In response to this, we are obliged to make some fundamental points. Firstly, the purpose of these cartoon contests is not to provoke or offend Muslims, but to draw attention to the persecution of blasphemers under the faith. Throughout the Muslim world, apostates, sceptics and non-Muslims are punished with violence and death for “insulting Islam” – hence their migration to the West. If this weren’t a real issue, then such contests would hardly be necessary. Put simply, those who draw cartoons of Muhammad are not the problem; those who take violent offence to them are.

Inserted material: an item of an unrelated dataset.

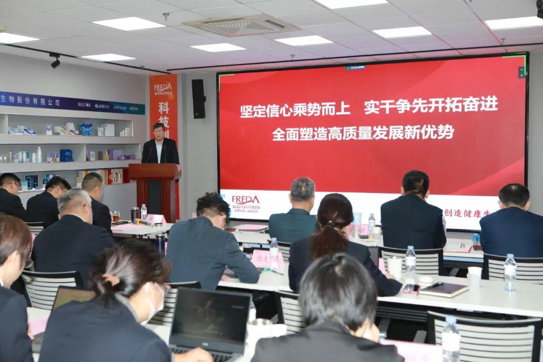 賈慶文作題為《堅定信心乘勢而上 實干爭先開拓奮進 全面塑造高質量發展新優勢》的講話。他指出,2024年福瑞達將認真貫徹魯商集團“12345”高質量發展戰略,強化“五個堅持”,落實“五個聚焦、五個確?!?,以科技創新力、產業生態力、管理運營力、品牌影響力、組織文化力,持續壯大規模實力。一是強化科技創新力,培育新質生產力。加大研發投入,推進研發一體化規劃,發揮學術專家委員會作用,堅持以市場為導向,以科技創新推動產業創新。二是做大做強核心主業,打造產業生態力。優化協同機制,著力推進四個“一體化”。醫藥板塊加快品牌中藥、中藥大品種培育?;瘖y品板塊聚焦資源,持續推進大單品策略。原料板塊向綠色生產、高品質制備和衍生產品轉型。三是專業驅動、數智升級、強化管控,增強管理運營力。加強品質管理,提升智能制造水平,落實降本增效,加強風險防控,做好安全管理。四是發揮行業領軍作用,塑造品牌影響力。培養全球視野,積極開展國際業務。在行業論壇發聲,全面啟動ESG品牌傳播,以科學與文化營銷展現科技自信、“國潮”魅力。五是黨建引領、深化改革,提升組織文化力。將黨建融入生產經營,用黨建保障工作落實。扎實開展新一輪國企改革深化提升行動,提升組織效能。

Indeed, if Muslims take issue with cartoons, then let them consider some criticism of their religion, that they may feel a bit more grounded in their beliefs. We must not censor ourselves so Muslims can continue to wallow in the ignorance of 7th century Arabia. Let us reaffirm the status of free speech as non-negotiable, and vociferously resist any attempts to drag Western society down to the depths of Pakistan – where apparently, the blasphemy of drawing cartoons is more egregious than the blasphemy of carrying out mass shootings, suicide bombings, chemical attacks and beheadings in the name of Allah:
In October, Ireland will hold a referendum to decide the fate of the archaic blasphemy laws contained in our Constitution. As a nation, this will be our chance to cement the liberal dispensation that is the foundation of our happiness. It will also, however, be a tremendous opportunity to slap down Muslim fanatics who seek the blood of Ex-Muslims: for the criminalisation of blasphemy under Irish law has often been cited by the Pakistani government to justify their own barbaric laws. We will thus be campaigning for a Yes vote, and place our trust in the Irish people to make the right choice.